- _Supplied information_:
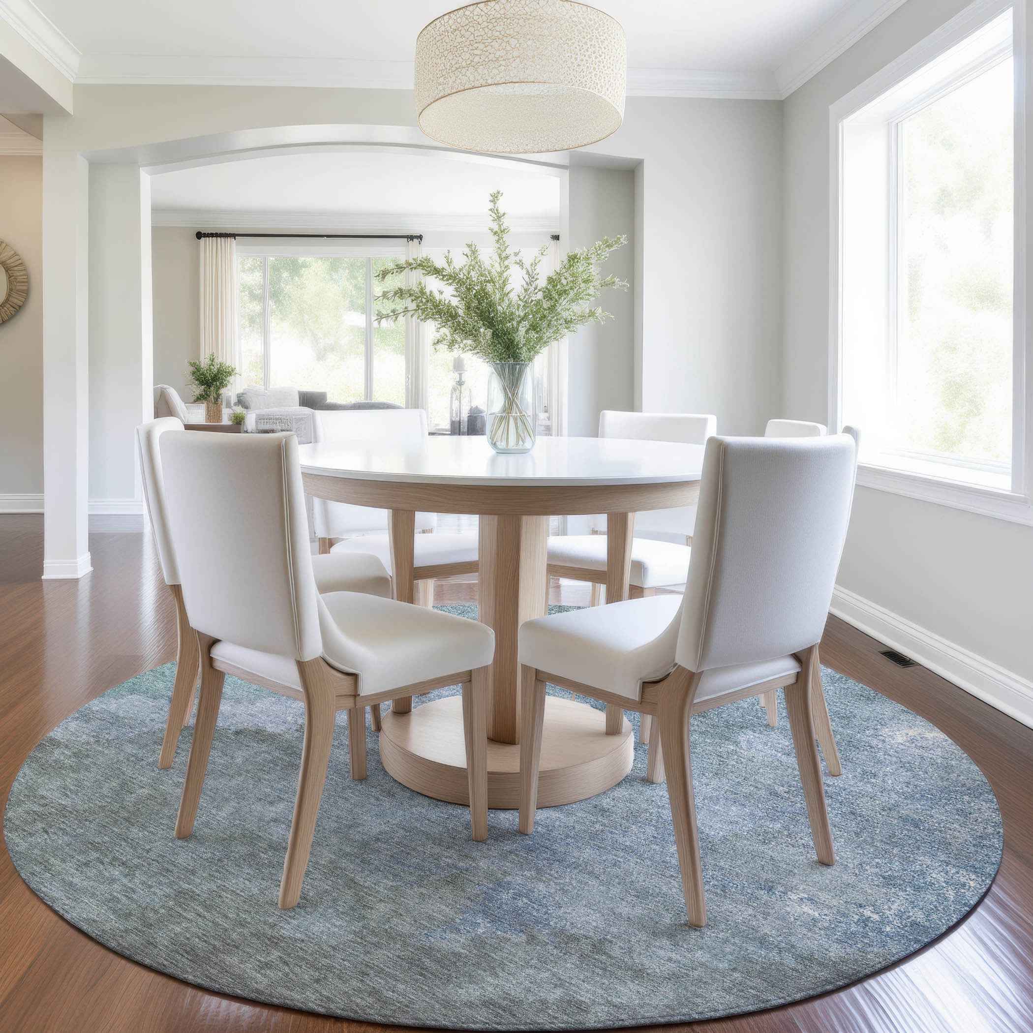 8' Blue And Gray Round Abstract Washable Indoor Outdoor Area Rug
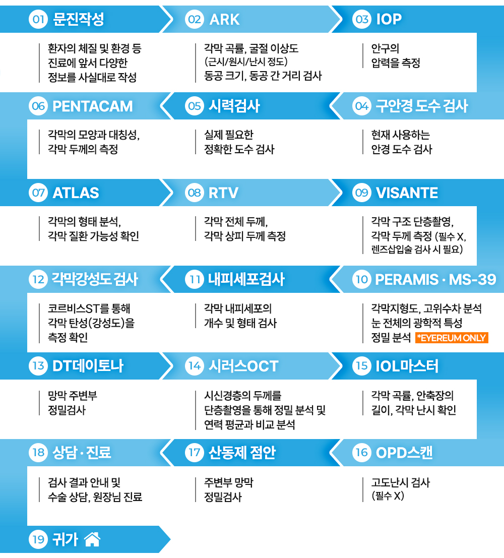 2025. 5월 기준 아이리움에서만 시행하는 PERAMIS, MS-39 검사 장비로 각막지형과 눈 전체의 광학적 특성을 정밀 측정하여 수술 장비에 직접 연동, 초정밀 각막 및 안구 전체의 웨이브프론트(Wavefront) 시력교정술을 실현합니다.
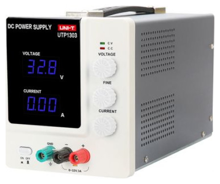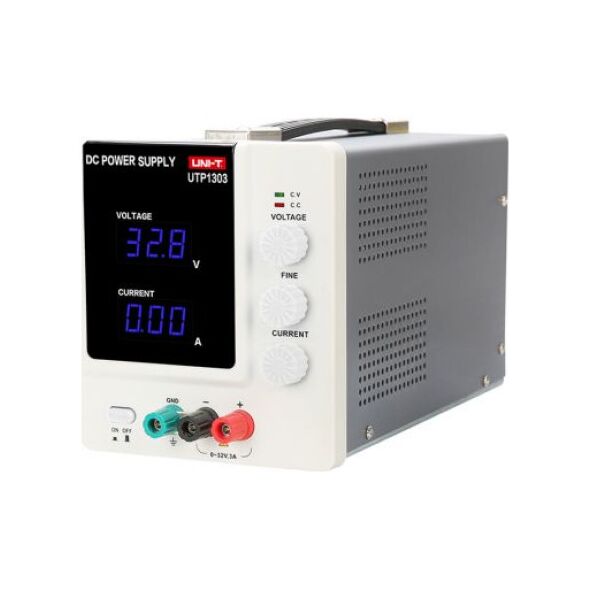 MIE0279 Zasilacz laboratoryjny Uni-T UTP1303Dane techniczne:Napięcie wyjściowe: 0-32 VPrąd wyjściowy: 0-3 AMożliwość płynnej i skokowej regulacji prądu i napięciaDokładność pomiaru: <= ±1% odczytu + 2 cyfryZabezpieczenie: przeciążeniowe, napięcioweWaga: ok. 5,6 kgWymiary: 145 x 174,7 x 283,5 mm

- _Directions for this task_: Leaving the pictures out, give back each line above exactly.

- _Result below_:
 8' Blue And Gray Round Abstract Washable Indoor Outdoor Area Rug
 2025. 5월 기준 아이리움에서만 시행하는 PERAMIS, MS-39 검사 장비로 각막지형과 눈 전체의 광학적 특성을 정밀 측정하여 수술 장비에 직접 연동, 초정밀 각막 및 안구 전체의 웨이브프론트(Wavefront) 시력교정술을 실현합니다.
 MIE0279 Zasilacz laboratoryjny Uni-T UTP1303Dane techniczne:Napięcie wyjściowe: 0-32 VPrąd wyjściowy: 0-3 AMożliwość płynnej i skokowej regulacji prądu i napięciaDokładność pomiaru: <= ±1% odczytu + 2 cyfryZabezpieczenie: przeciążeniowe, napięcioweWaga: ok. 5,6 kgWymiary: 145 x 174,7 x 283,5 mm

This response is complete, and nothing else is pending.